*** Data for the task ***
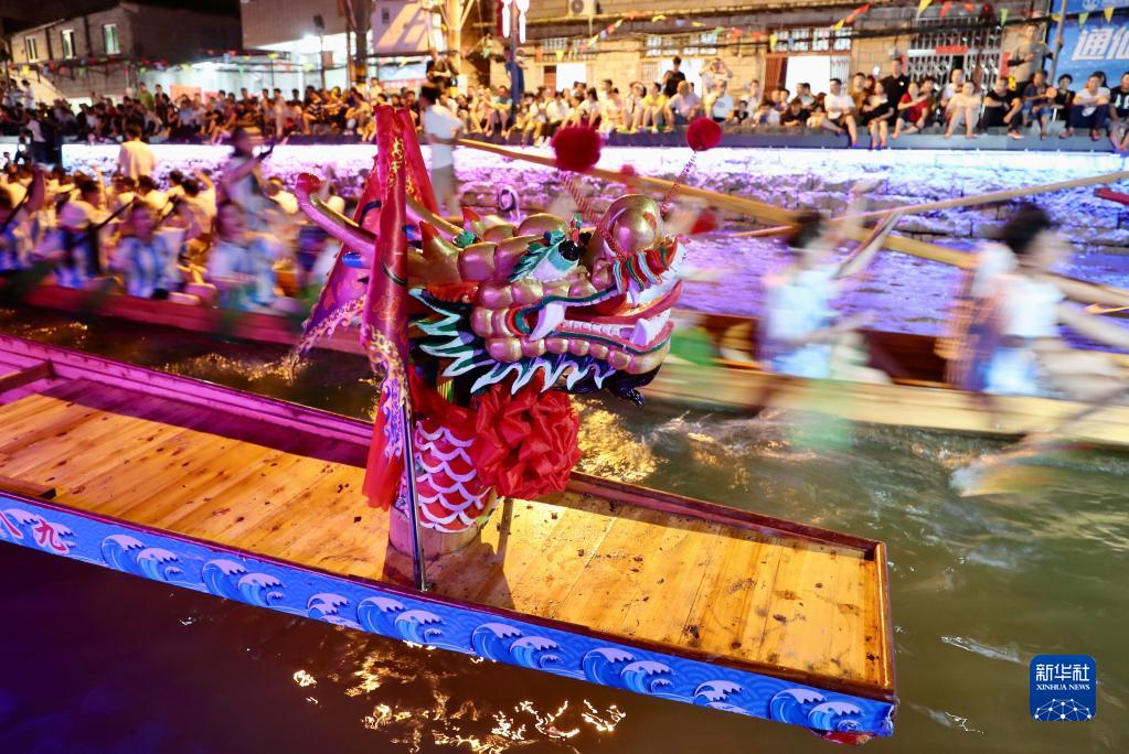 人們在福州市長樂區三溪村穿村而過的小溪中劃龍舟(2023年6月20日攝)。
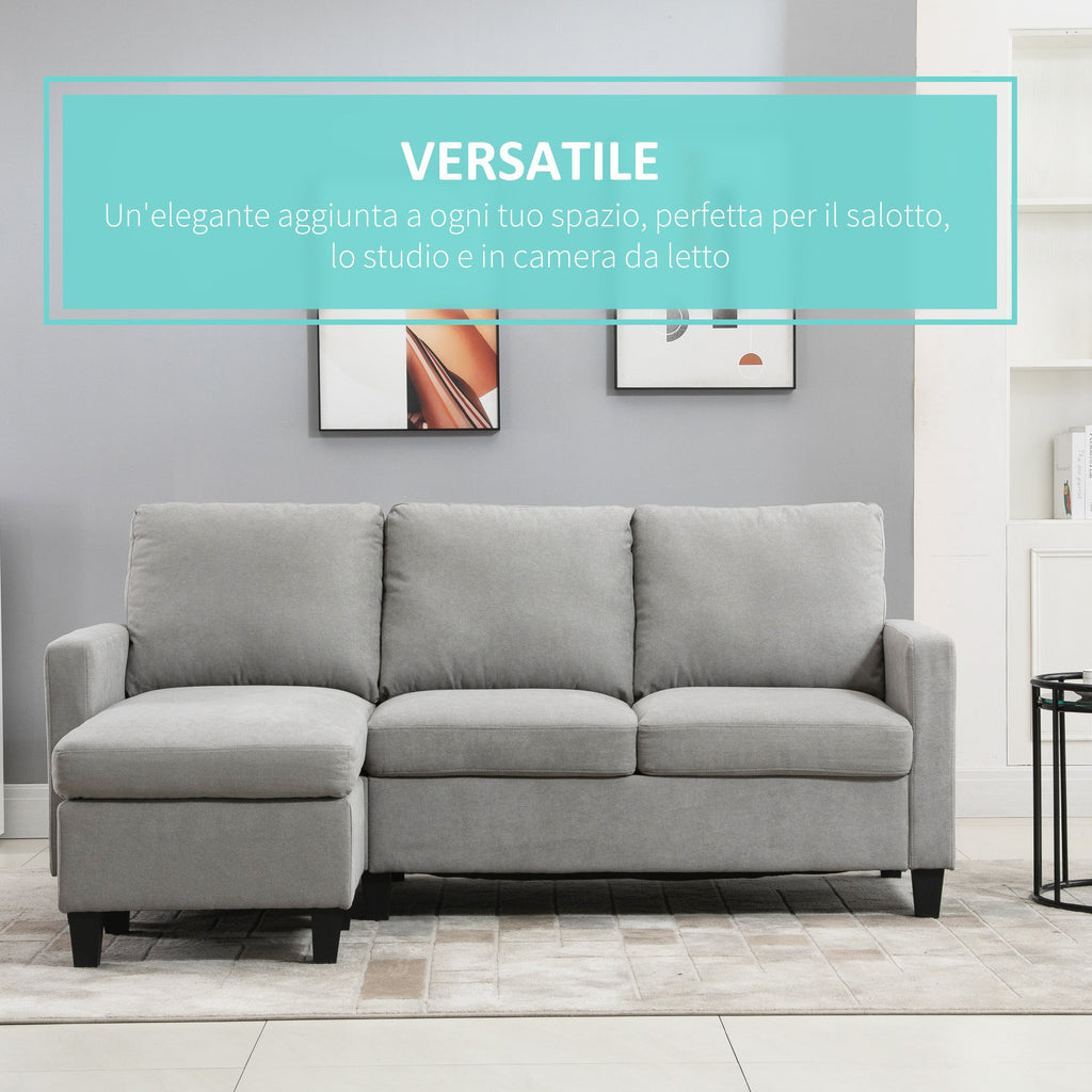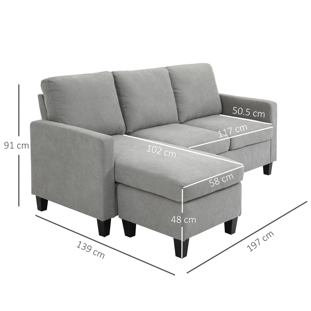 Canapé 3 places 197x139x91 cm avec péninsule réversible en tissu gris
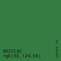 Цвет #357C42 в цветовой модели RGB обозначается тремя октетами (53, 124, 66) в десятичном формате и #357C42 в шестнадцатиричном (hex) формате, которые являются интенсивностью красного 53 (hex 35), интенсивность зелёного 124 (hex 7C) и интенсивность синего 66 (hex 42).
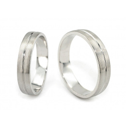 Platyna jest bardzo wytrzymałym metalem szlachetnym. Można powiedzieć, że jest ponadczasowa. Co ważne, ze względu na brak niklu w swoim stopie, nie uczuli nawet bardzo wrażliwej skóry. Powiedzieć, że wybór obrączek ślubnych z platyny to dobry wybór, to powiedzieć trochę za mało. Platynowe obrączki to wybór bardzo dobry i gdy po latach będziecie oglądać swoje dłonie przyozdobione w ślubne pamiątki, dalej będziecie zachwycać się blaskiem i pięknem biżuterii. Jest to bardzo ciekawy model, który posiada dwa rowki po obwodzie obrączki. Damską obrączkę, od męskiej odróżnia malutki diamencik oprawiony w centralnym punkcie, pomiędzy rowkami. Śliczna klasyka z nutką nowoczesności.
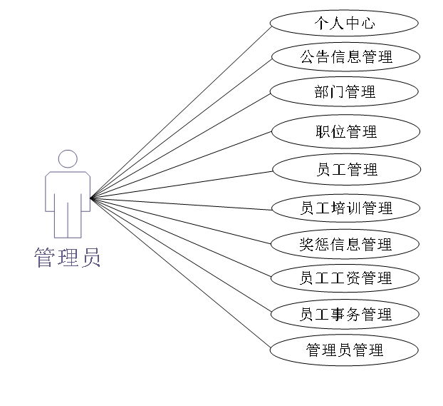 (1)管理员模块:系统中的核心用户是管理员,管理员登录后,通过管理员功能来管理后台系统。主要功能有:个人中心、公告信息管理、部门管理、职位管理、员工管理、员工培训管理、奖惩信息管理、员工工资管理、员工事务管理、管理员管理等功能。管理员用例图如图3-1所示。
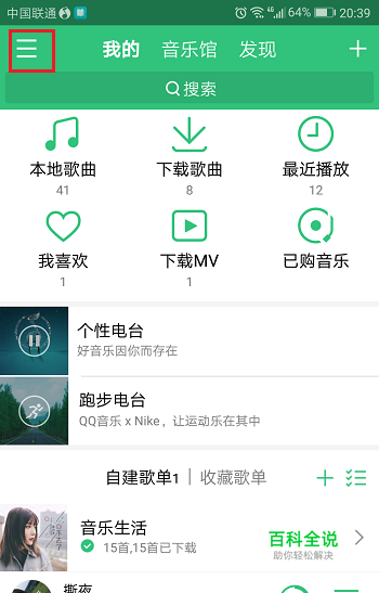 第一步在我们的手机里面打开音乐应用,进去我的界面之后,点击左上方的列表图标,如下图所示:
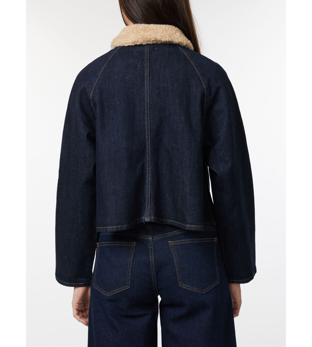 This denim cropped jacket is the perfect mix of cool and cozy, featuring a classic wash and a soft sherpa collar for added warmth and style. Its cropped cut makes it easy to layer over dresses, tees, or knits, giving any outfit a laid-back yet chic edge.
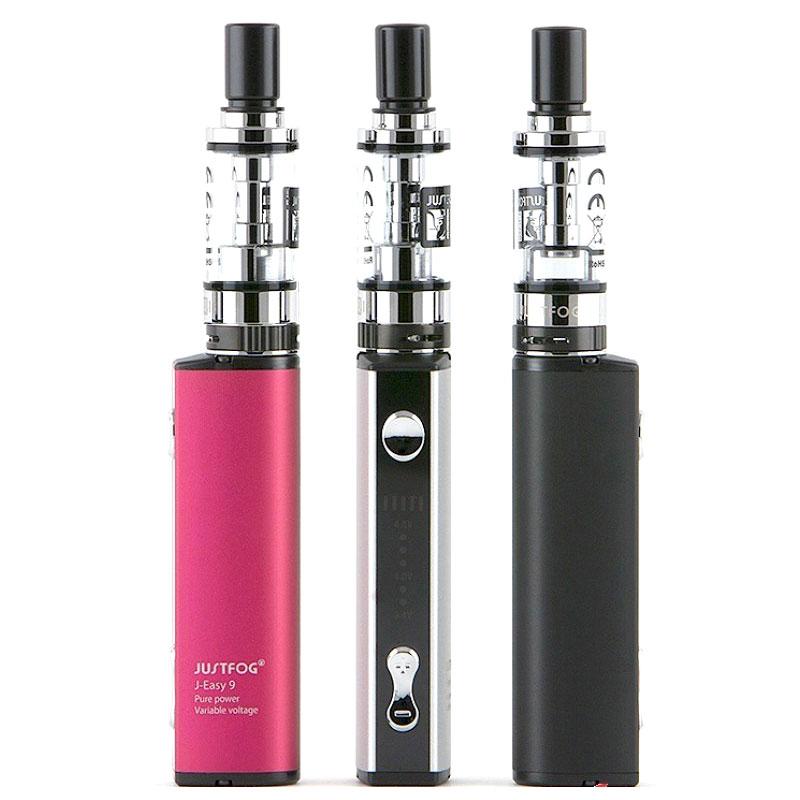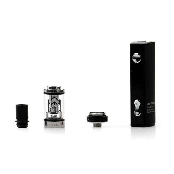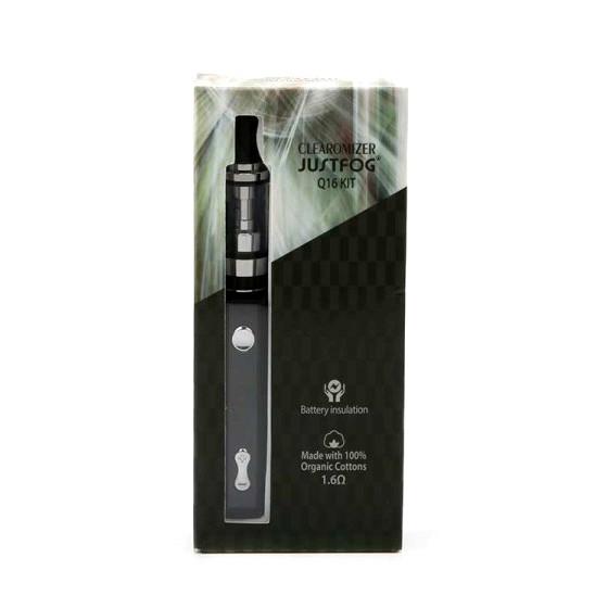 The Justfog Q16 vape kit includes a J-Easy 9 mod with a long-lasting built-in 900mAh battery, variable voltage settings, easy one button operation and topped with a 2ml Pyrex glass tank Q16 clearomizer/atomizer using bottom airflow control and bottom-fill design.
*** End of Data for the task ***
> Exercise prompt:
No picture is to be printed. Output exactly the lines above from the line containing "Цвет #357C42 в" through the line containing "第一步在我们的手机里面打开音".

> Exercise answer:
 Цвет #357C42 в цветовой модели RGB обозначается тремя октетами (53, 124, 66) в десятичном формате и #357C42 в шестнадцатиричном (hex) формате, которые являются интенсивностью красного 53 (hex 35), интенсивность зелёного 124 (hex 7C) и интенсивность синего 66 (hex 42).
 Platyna jest bardzo wytrzymałym metalem szlachetnym. Można powiedzieć, że jest ponadczasowa. Co ważne, ze względu na brak niklu w swoim stopie, nie uczuli nawet bardzo wrażliwej skóry. Powiedzieć, że wybór obrączek ślubnych z platyny to dobry wybór, to powiedzieć trochę za mało. Platynowe obrączki to wybór bardzo dobry i gdy po latach będziecie oglądać swoje dłonie przyozdobione w ślubne pamiątki, dalej będziecie zachwycać się blaskiem i pięknem biżuterii. Jest to bardzo ciekawy model, który posiada dwa rowki po obwodzie obrączki. Damską obrączkę, od męskiej odróżnia malutki diamencik oprawiony w centralnym punkcie, pomiędzy rowkami. Śliczna klasyka z nutką nowoczesności.
 (1)管理员模块:系统中的核心用户是管理员,管理员登录后,通过管理员功能来管理后台系统。主要功能有:个人中心、公告信息管理、部门管理、职位管理、员工管理、员工培训管理、奖惩信息管理、员工工资管理、员工事务管理、管理员管理等功能。管理员用例图如图3-1所示。
 第一步在我们的手机里面打开音乐应用,进去我的界面之后,点击左上方的列表图标,如下图所示:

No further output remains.